Dataset entries
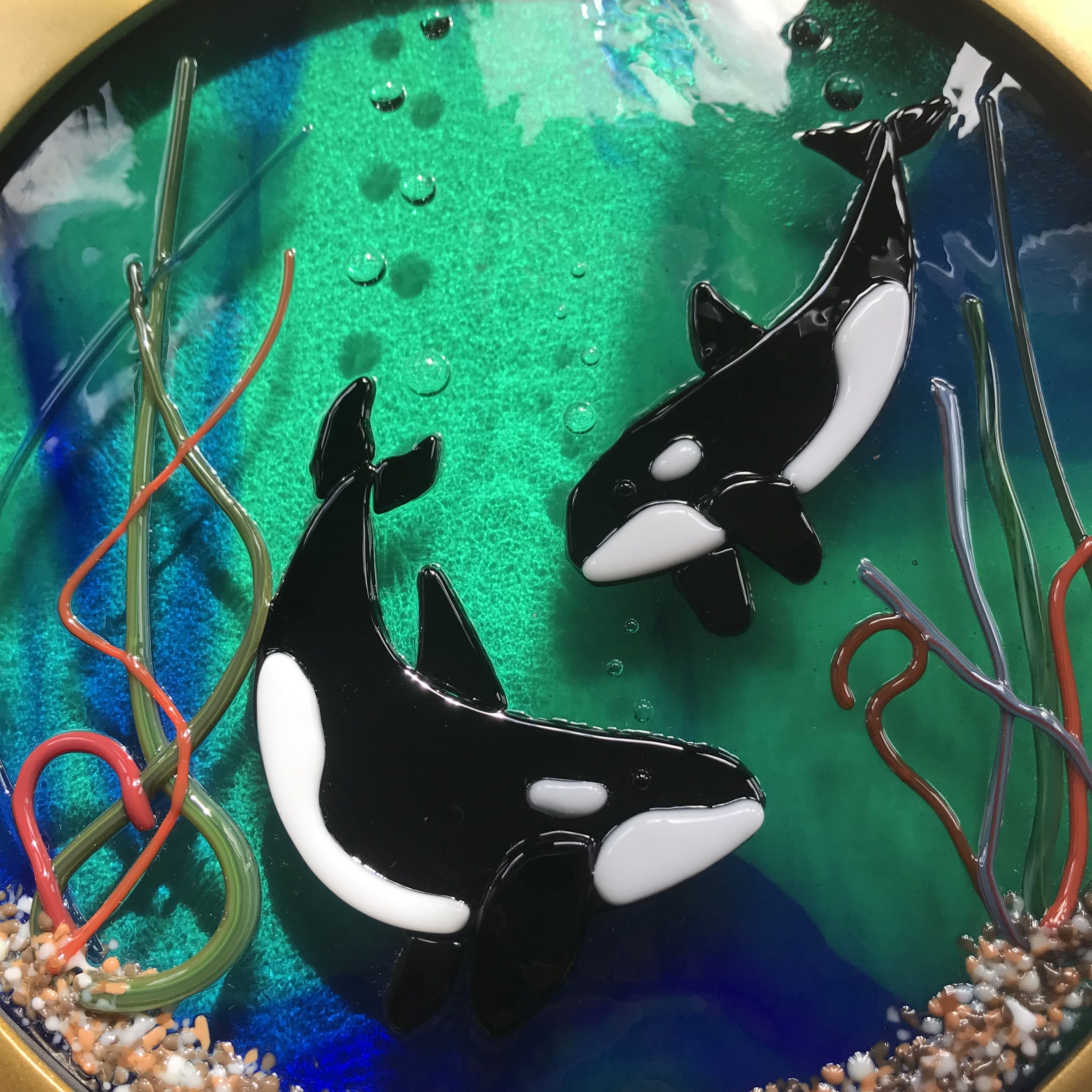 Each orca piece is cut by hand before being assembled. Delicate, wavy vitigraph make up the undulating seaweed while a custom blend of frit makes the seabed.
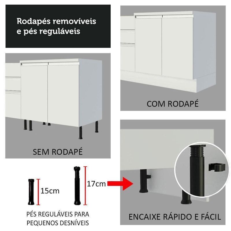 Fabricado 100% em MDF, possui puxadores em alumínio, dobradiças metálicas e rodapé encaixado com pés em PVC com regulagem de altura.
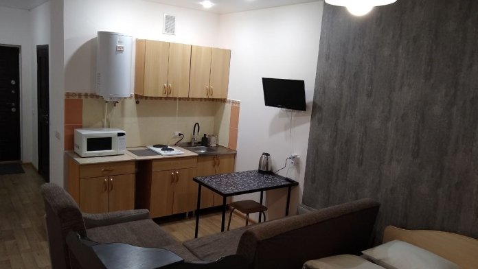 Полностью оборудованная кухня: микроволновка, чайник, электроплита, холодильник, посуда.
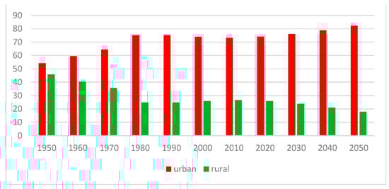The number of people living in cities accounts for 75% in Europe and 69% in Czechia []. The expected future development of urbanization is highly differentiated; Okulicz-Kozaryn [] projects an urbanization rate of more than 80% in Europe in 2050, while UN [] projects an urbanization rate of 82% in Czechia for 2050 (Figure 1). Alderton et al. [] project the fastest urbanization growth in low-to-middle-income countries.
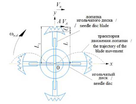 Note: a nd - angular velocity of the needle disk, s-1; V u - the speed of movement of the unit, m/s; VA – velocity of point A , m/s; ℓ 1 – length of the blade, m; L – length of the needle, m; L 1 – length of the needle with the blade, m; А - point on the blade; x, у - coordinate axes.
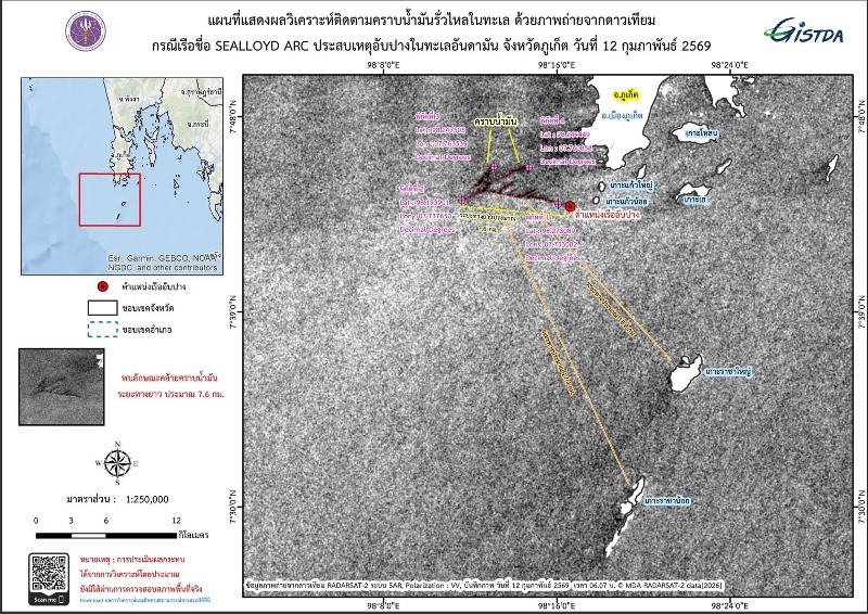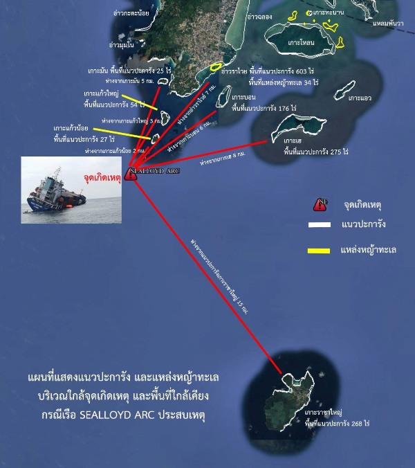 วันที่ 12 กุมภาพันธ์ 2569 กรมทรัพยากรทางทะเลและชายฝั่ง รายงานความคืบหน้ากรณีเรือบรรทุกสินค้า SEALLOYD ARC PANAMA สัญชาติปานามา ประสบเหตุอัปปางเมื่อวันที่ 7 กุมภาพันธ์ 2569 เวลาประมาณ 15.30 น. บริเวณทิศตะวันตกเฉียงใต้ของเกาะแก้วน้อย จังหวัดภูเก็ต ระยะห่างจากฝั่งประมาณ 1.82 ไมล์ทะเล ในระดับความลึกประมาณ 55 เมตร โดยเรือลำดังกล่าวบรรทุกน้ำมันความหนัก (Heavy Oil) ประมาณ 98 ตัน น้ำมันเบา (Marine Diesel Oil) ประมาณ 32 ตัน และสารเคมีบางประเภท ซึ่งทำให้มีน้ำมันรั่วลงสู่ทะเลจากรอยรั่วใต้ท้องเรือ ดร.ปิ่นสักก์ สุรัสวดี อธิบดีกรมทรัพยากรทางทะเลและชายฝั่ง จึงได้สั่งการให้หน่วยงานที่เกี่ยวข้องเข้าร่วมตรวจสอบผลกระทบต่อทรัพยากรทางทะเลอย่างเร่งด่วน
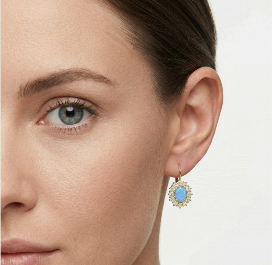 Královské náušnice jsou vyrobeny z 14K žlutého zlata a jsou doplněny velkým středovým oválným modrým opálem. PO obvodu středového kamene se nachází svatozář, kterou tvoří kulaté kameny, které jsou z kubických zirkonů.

#### Your goal:
Make an exact copy of the lines above, beginning with the line with "Fabricado 100% em" and ending with the line with "The number of", and keep the pictures out of it.

#### Task response:
 Fabricado 100% em MDF, possui puxadores em alumínio, dobradiças metálicas e rodapé encaixado com pés em PVC com regulagem de altura.
 Полностью оборудованная кухня: микроволновка, чайник, электроплита, холодильник, посуда.
The number of people living in cities accounts for 75% in Europe and 69% in Czechia []. The expected future development of urbanization is highly differentiated; Okulicz-Kozaryn [] projects an urbanization rate of more than 80% in Europe in 2050, while UN [] projects an urbanization rate of 82% in Czechia for 2050 (Figure 1). Alderton et al. [] project the fastest urbanization growth in low-to-middle-income countries.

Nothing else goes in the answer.